Saturday, October 13, 2012

The Man with No Belt


This book is about my time spent in the Parkplace crisis unit in Kissimmee, Florida, where I was involuntarily confined under Florida's Baker Act.

The degree of trauma from this experience surprised me.  I have had quite a few traumatic experiences in my life—the deaths of my parents (one due to medical incompetence), various abusive relationships including with cutters, a handgun being pointed at me when I was in 3rd grade, suicides of friends, sexual battery, and many other things too painful to recount—yet this affected me far more than I expected.

It was surprising because, in a way, it was not that bad.  The food was decent.  The beds were not good, hard rubberized pallets 18 inches from the floor,, but I have paid money to stay at worse places, and at least there were no bedbugs.  None of the staff ever treated me abusively in any overt way, and I still believe that they all meant well.  There were none of the blatant abuses that one knows from One Flew Over the Cuckoo's Nest by Ken Kesey.

I am extremely strong, yet felt a pull into darkness from that place in a mere six days.  I have suffered far more in my life than I did there; why did it affect me so much?  If I can be so affected, what about the myriad others who have been in and out, under circumstances worse than mine?  I have worked hard to come to grips with this, and the result is this book.

I think I can summarize the effects in one word: insidious.  The system works to enfeeble people by enlisting them in the process.

I do not think it was designed this way.   I think that everyone involved meant well, though there was a great deal of incompetence.  More importantly, I don't think that any one person is smart enough to understand, let alone of being able to design, the entire system.  The effects of the system are emergent properties, like the V formation of Canada Geese or the mass trampling on pilgrimages that emerge from the behavior of individuals, acting upon simple local rules.  Yet the results are bad and, to a large extent, the system creates the problems it ostensibly is to solve.
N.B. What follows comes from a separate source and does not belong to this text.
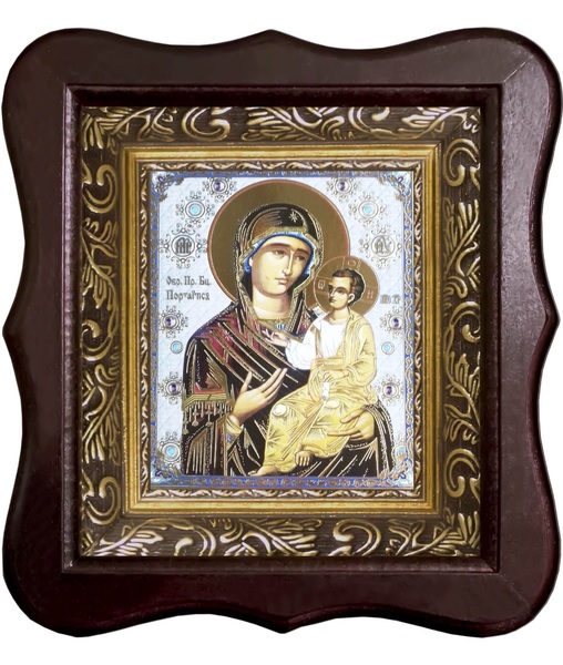 Икона Портаитисса, Иверская Божия Матери Фигурный деревянный светлый киот размером 130х260х40 мм, со стеклом. Внутри багетная рамка с ОБЬЕМНЫМ -3 D лик 15х18см

This book is about my coming to grips with and analyzing the reasons for this trauma

It is also about a belt.

I have a nice belt, black metal with a simple, robust, silver buckle.  I think I found it in the trash of a rich kid in a University town.  It has lasted me 30 years.  I do not think I could afford such a belt, if I knew where to buy one.

It has eight holes, plus one I punched.  I have used all of them.  It chronicles my struggles with my weight, formerly too much but now too little.  It's a kind of microcosm of my life.  It works well with jeans and a suit and even coattails and white tie.

They take away your belt.  Also earrings, necklaces, and everything else, leaving you only clothes that you can wear for a few days until you can persuade people on the Outside to bring you more.  They also take away your cell phone, wallet, identification, laptop.  

I suppose that taking away all of these things can be justified on an ad hoc basis.  Cell phones might be stolen.  Belts might be used for violence.  I still can't figure out how they justified taking away an old woman's dentures and expected her to eat without.  Whatever the justifications, the net effect is to strip away one's identity, all of the symbols that make one a person.

I believe that there is some awareness of the symbolic role of clothing, albeit perhaps unconscious, because the staff wear extra clothing.  I saw staff wearing scarves and other accoutrements unusual in Florida.  I do not know that this is deliberate, but there is a message, perhaps unconscious: I am unlike you.

The House of God by Samuel Shem describes medical culture in a way that most medical professionals recognize but few are willing to admit.  All physicians and nurses should read it.  There are 13 laws of the House of God.  Number 4 reads "The patient is the one with the disease.”

Inside, you know who has the disease.  The ones with no belts have the disease.  The ones with belts are sane.

Everything Inside is about this.  Every human behavior is pathologized.  It is almost impossible to look at someone and not see a disease.  I have seen far worse behaviors in High School, but Inside, it is all about pathology.

I have come to realize how hard this is to describe to anybody who has not been in that environment.  Definition is everything, and people who have not experienced this want to believe in the definitions.  That is the point.  These definitions are more important than the actual conditions people have, and certainly than the people themselves.

On being admitted, I became the Man with No Belt, and everything changed.